*** Opening INPUT FOR THIS TASK ***

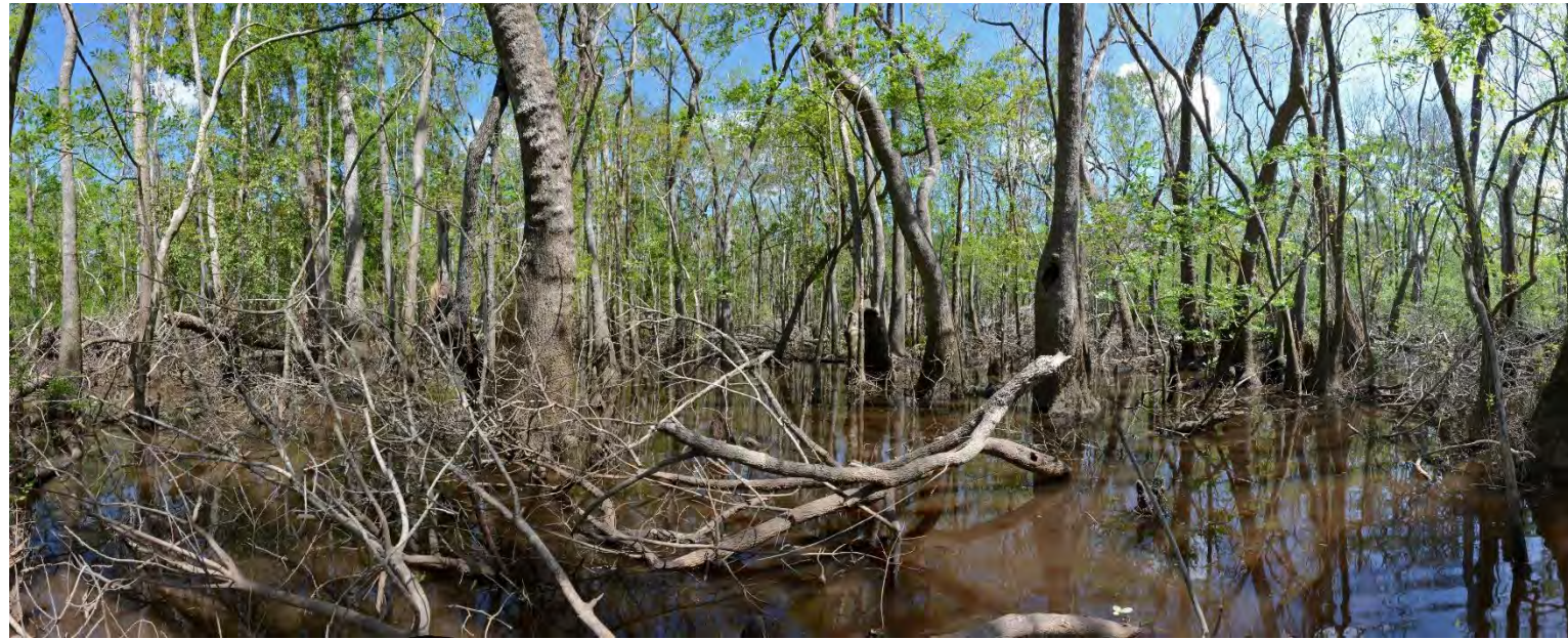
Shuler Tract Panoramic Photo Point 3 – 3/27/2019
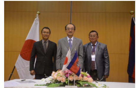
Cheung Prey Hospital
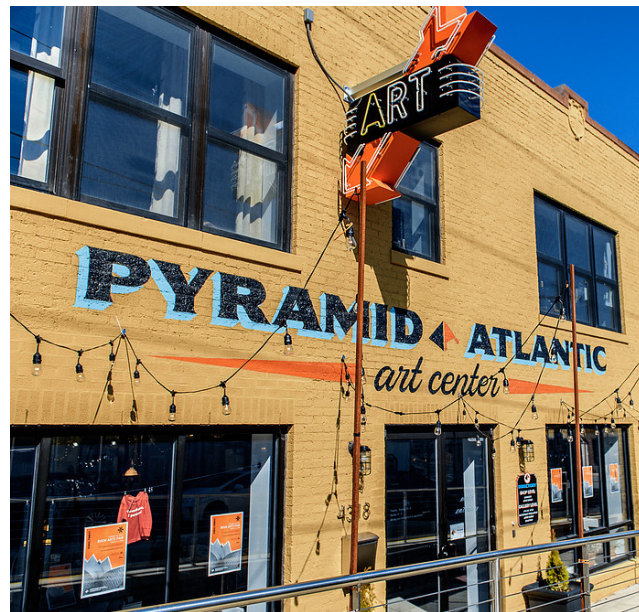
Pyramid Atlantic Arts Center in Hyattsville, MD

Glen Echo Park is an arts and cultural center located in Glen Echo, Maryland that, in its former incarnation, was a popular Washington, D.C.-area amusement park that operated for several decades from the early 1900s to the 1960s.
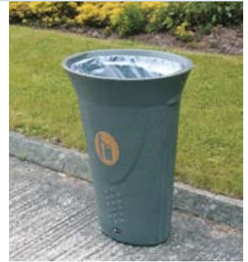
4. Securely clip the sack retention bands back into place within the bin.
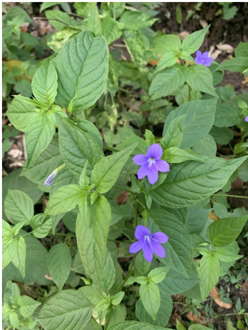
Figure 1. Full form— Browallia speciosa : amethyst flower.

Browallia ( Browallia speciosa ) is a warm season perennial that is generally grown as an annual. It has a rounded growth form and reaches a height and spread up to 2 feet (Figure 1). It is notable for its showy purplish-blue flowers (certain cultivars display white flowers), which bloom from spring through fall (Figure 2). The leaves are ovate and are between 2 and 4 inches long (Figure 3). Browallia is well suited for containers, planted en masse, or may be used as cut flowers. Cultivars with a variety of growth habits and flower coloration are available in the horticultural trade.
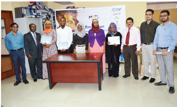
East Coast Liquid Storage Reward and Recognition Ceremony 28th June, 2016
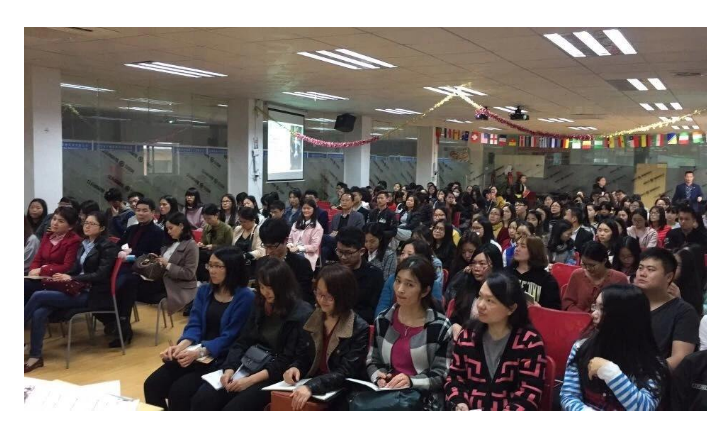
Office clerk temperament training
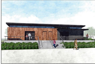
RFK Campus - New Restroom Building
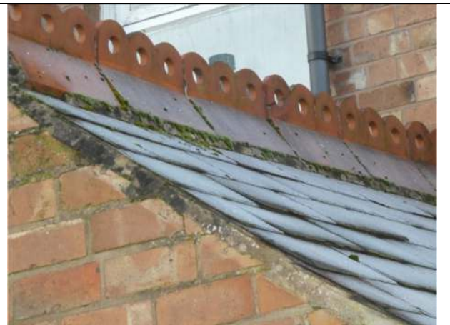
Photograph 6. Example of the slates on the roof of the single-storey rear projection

*** Closing INPUT FOR THIS TASK ***

WHAT IS NEEDED
Exactly reproduce the lines beginning at the one that contains "East Coast Liquid" and ending at the final line of the material, with the pictures left out.

SOLUTION BELOW
East Coast Liquid Storage Reward and Recognition Ceremony 28th June, 2016
Office clerk temperament training
RFK Campus - New Restroom Building
Photograph 6. Example of the slates on the roof of the single-storey rear projection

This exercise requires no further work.